### TASK DIRECTIONS
The word to find is "باريس". Copy each line of the material that contains it.

### DATA
_____
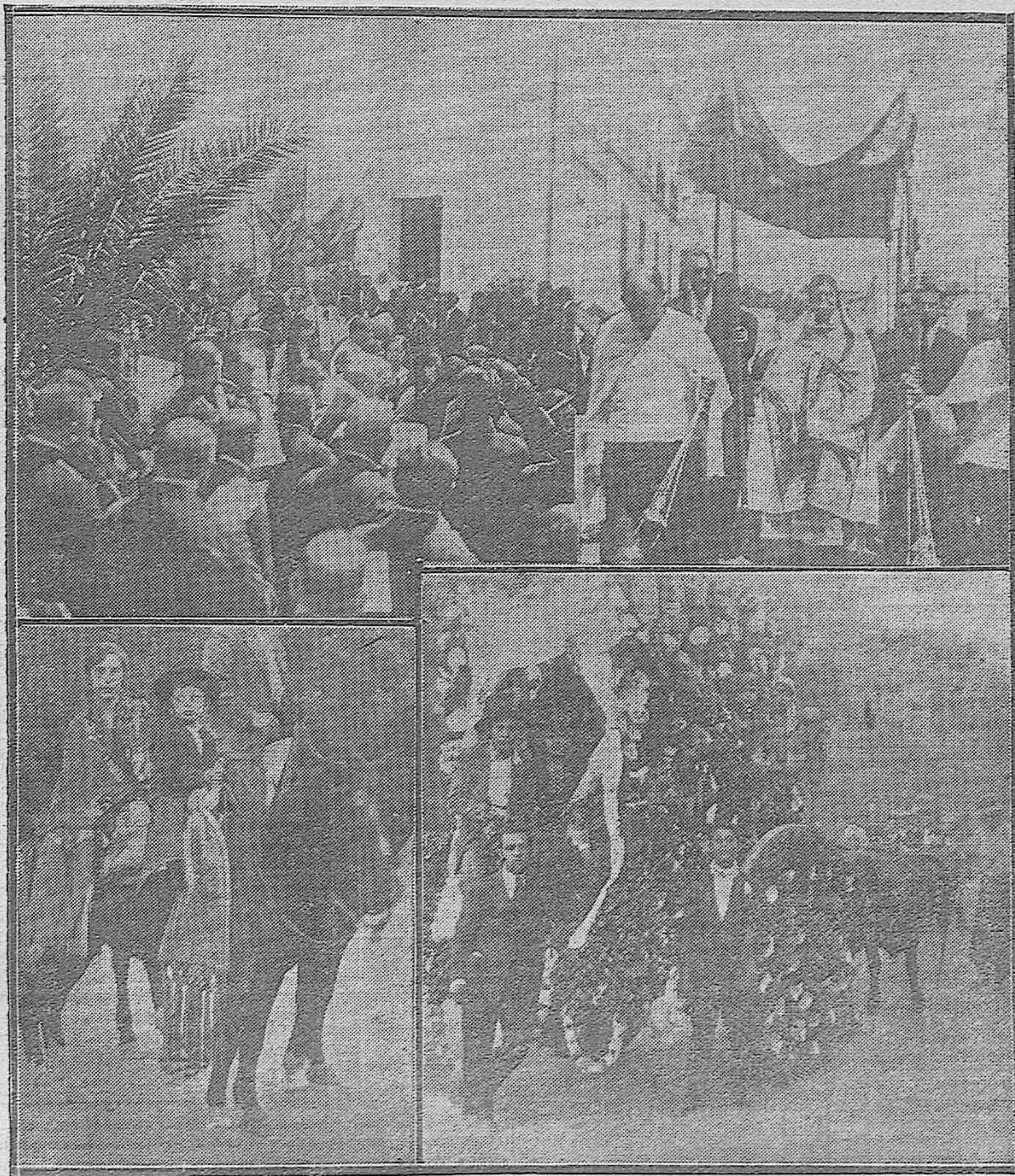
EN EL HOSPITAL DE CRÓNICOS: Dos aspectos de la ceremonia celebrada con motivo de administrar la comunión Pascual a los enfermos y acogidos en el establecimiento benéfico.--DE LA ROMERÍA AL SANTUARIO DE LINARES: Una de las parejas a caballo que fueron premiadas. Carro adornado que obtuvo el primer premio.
_____
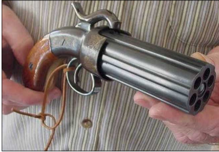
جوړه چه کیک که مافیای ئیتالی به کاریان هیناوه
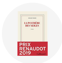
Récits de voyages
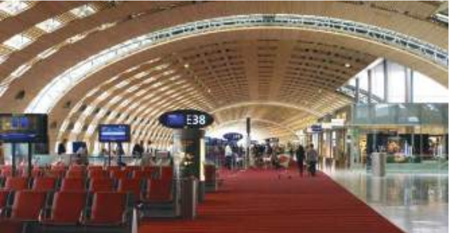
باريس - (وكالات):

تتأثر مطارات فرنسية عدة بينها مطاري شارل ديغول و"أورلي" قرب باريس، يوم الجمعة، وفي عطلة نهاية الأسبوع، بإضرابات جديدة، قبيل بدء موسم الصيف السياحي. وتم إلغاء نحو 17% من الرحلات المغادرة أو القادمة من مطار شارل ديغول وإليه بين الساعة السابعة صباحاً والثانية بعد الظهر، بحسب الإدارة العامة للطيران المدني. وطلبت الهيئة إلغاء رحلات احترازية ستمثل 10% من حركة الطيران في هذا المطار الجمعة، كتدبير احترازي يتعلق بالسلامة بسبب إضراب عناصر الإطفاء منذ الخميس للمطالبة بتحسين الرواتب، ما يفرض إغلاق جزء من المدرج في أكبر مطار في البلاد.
_____
### COMPLETED EXERCISE
باريس - (وكالات):
تتأثر مطارات فرنسية عدة بينها مطاري شارل ديغول و"أورلي" قرب باريس، يوم الجمعة، وفي عطلة نهاية الأسبوع، بإضرابات جديدة، قبيل بدء موسم الصيف السياحي. وتم إلغاء نحو 17% من الرحلات المغادرة أو القادمة من مطار شارل ديغول وإليه بين الساعة السابعة صباحاً والثانية بعد الظهر، بحسب الإدارة العامة للطيران المدني. وطلبت الهيئة إلغاء رحلات احترازية ستمثل 10% من حركة الطيران في هذا المطار الجمعة، كتدبير احترازي يتعلق بالسلامة بسبب إضراب عناصر الإطفاء منذ الخميس للمطالبة بتحسين الرواتب، ما يفرض إغلاق جزء من المدرج في أكبر مطار في البلاد.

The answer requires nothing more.